Independent Analysis of Microprocessors and the Semiconductor Industry

Editor: Tom R. Halfhill

Contributors: Linley Gwennap, Mike Demler, Bob Wheeler


In This Issue:

- An Inside Look at AI Accelerators

- Arm IP Licensing Gets More Flexible


Save the Date: Linley Fall Processor Conference

Registration is now open for the Linley Fall Processor Conference returning to Santa Clara, California on October 23-24. The annual two-day conference features technical presentations addressing processors for communications, IoT, servers, and advanced automotive systems.

The event will feature curated technical presentations from leading chip and IP vendors, including several new announcements. Popular sessions include keynotes by industry thought leaders and analysts from The Linley Group as well as panel discussions. Our events are a great place to meet industry experts and network with your peers during breaks, lunches, and the exhibition and reception on the first evening of the conference.

For information about the Fall Processor Conference, access:

https://linleygroup.com/events/event.php?num=47


An Inside Look at AI Accelerators

By Linley Gwennap

Most smartphone-processor vendors have been somewhat close-mouthed about their deep-learning accelerators (DLAs), hoping to gain an advantage over competitors. Once their chips reach production, however, their design decisions become more apparent. Our analysis of recent die photos reveals rapid innovation as these vendors deploy their second- and third-generation designs. Apple, for example, moved from a dual-core DSP in the A11 to a DLA using eight custom cores in the A12. Optimized for neural networks, these cores are smaller but twice as powerful as the older DSPs.

MediaTek and Qualcomm had also used dual DSP cores in previous generations but more recently extended their designs, adding in-house accelerators that include large arrays of multiply-accumulate (MAC) units. These arrays efficiently handle the MAC calculations that are common in convolutional neural networks (CNNs).

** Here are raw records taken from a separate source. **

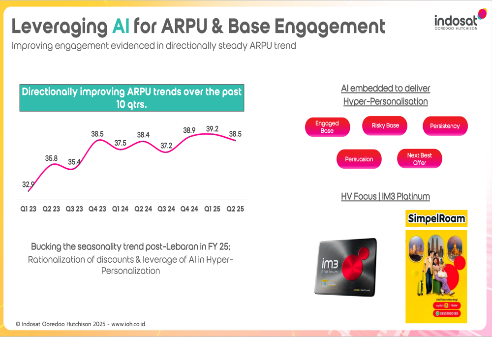 A empresa manteve sua base de clientes em 95,4 milhões de assinantes, enquanto aumentou seu engajamento digital, com usuários ativos mensais do aplicativo crescendo em 1,7 milhão para 47,4 milhões. A Receita Média por Usuário (ARPU) diminuiu ligeiramente em 1,8% para 38.500 IDR, embora a empresa tenha enfatizado que esta se manteve "firme" considerando os fatores sazonais.
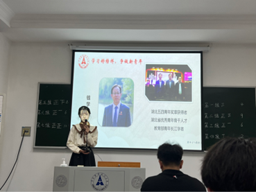 领学人陆宇涵向大家展示了《成国之栋梁,谱时代华章》微党课,她从榜样力量、青年寄语、原创诗歌三个方面讲述了当代青年应该怎样为党和国家发展贡献自己的一份力量,赞颂了为国家事业无私奉献的广大人才,激励青年为现代化建设做出自己的贡献。
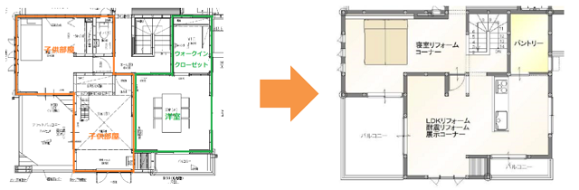 桧家住宅が高崎並榎展示場で活用していたショールームの一部をリフォームしたもので、実際のリフォーム事例を体感・比較することができる。子供部屋2部屋とトイレスペースを、間取りを変更し高級感のある寝室とLDKに改装。また、洋室とウォークインクローゼットをキッチンとパントリーにリフォームした。

Most of the popular AI-enabled mobile applications (such as face unlock) employ CNNs for vision and image processing. The MAC accelerators implement 8-bit integer (INT8) calculations, which consume less power than 16- or 32-bit floating-point (FP16 or FP32) operations. But neural networks developed in FP32 must be "quantized" before they can run in INT8 mode.

Our die-photo analysis shows that the latest premium processors from Apple and Samsung devote about 5% of their die area to DLAs, whereas the Snapdragon 855 DLA requires nearly 8%. (We thank our friends at TechInsights for providing high-quality die photos for this analysis.) MediaTek's Helio P90 targets "mid-premium" smartphones that cost less than premium models, so the company had to adopt a lower transistor budget for its DLA. Even so, the P90 delivers premium performance on mobile tests such as AI-Benchmark and Master Lu's AI benchmark. Measuring AI performance remains a challenge, however, and these two tests yield somewhat different results.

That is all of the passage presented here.